Abstract
Manuscript Type: Empirical. Research Question/Issue: It is fairly
well established that business group affiliation can compensate for
relatively weak institutions in emerging markets, and in Japan. However,
business groups are also common in the EU, and there have not yet
been any studies of business group affiliation and firm performance
in the EU. Consequently, we investigate how business group affiliation
affects firm performance in Belgium. Research Findings/Insights:
We find that operating profitability of group companies is significantly
lower than that of stand-alone companies, while group companies have
more volatile profits than stand-alone companies. Operating profitability
of group companies does not depend on the extent of group diversification.
Internal capital markets transfer funds from good performers to poorly
performing group companies. The impact of group affiliation on profitability
does not depend on group age or group ownership.
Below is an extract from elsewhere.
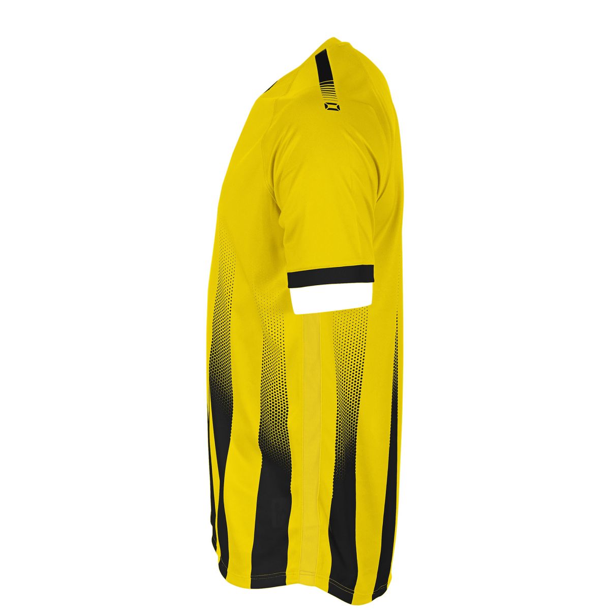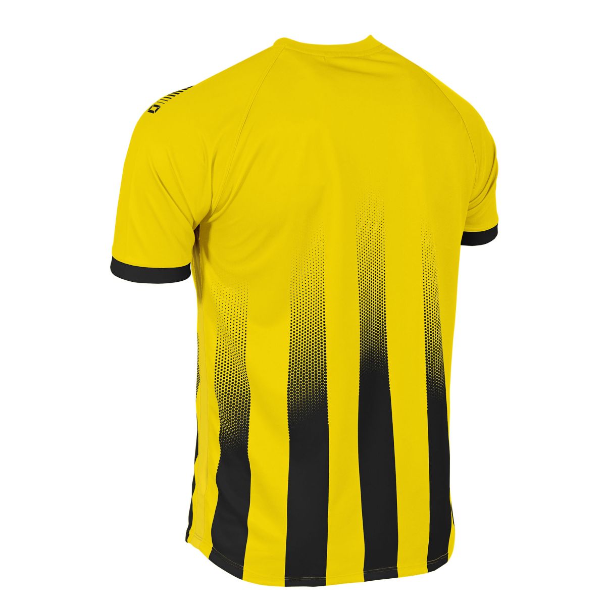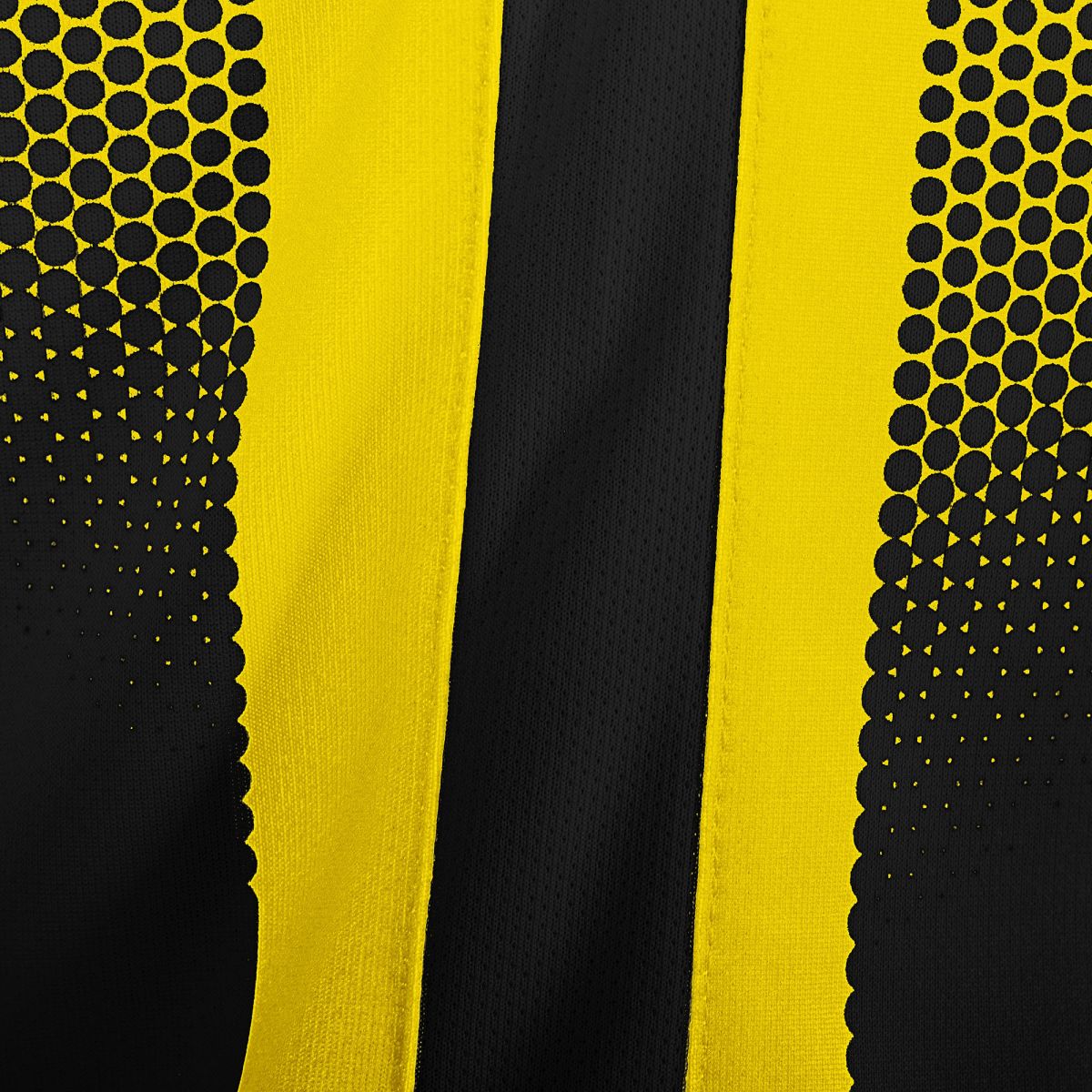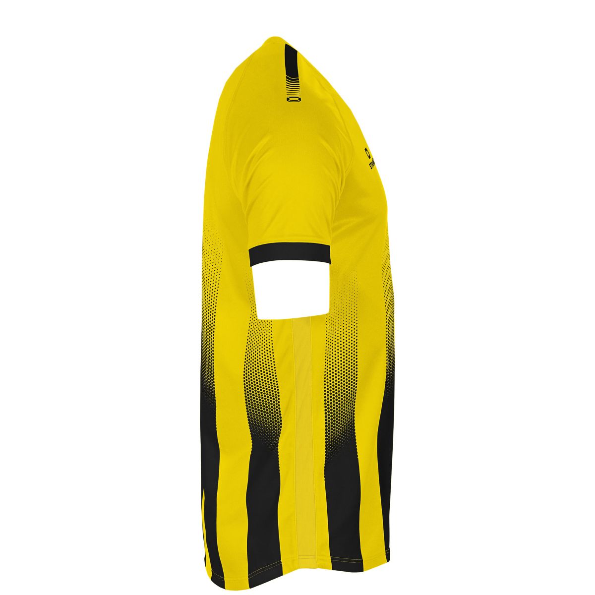 Das Stanno Vivid Trikot besteht aus 100% recyceltem Polyester mit ClimaTec-Finish und verfügt über ein sublimiertes Muster mit vertikalen Streifen. Das Trikot verfügt über Stanno-Logos und eine Mesh-Struktur, die für einen optimalen Feuchtigkeitstransport sorgt. Das Trikot hat zudem doppelte Nähte, die es extra widerstandsfähig machen.

Theoretical Implications:
Our study is, to the best of our knowledge, the first to investigate
how affiliation with a business group affects company performance
in a developed country other than Japan. The results raise the question
why business groups endure in so many developed countries with good
investor protection and well-developed capital markets. Some explanations
proposed in the literature are not confirmed. Practical Implications:
Our study offers insights to policy makers and practitioners on the
value and the role of business groups in developed countries. The
results raise doubts about the value of these groups in such countries
and suggest that policy makers may want to consider dismantling business
groups in EU countries. © 2008 The Authors.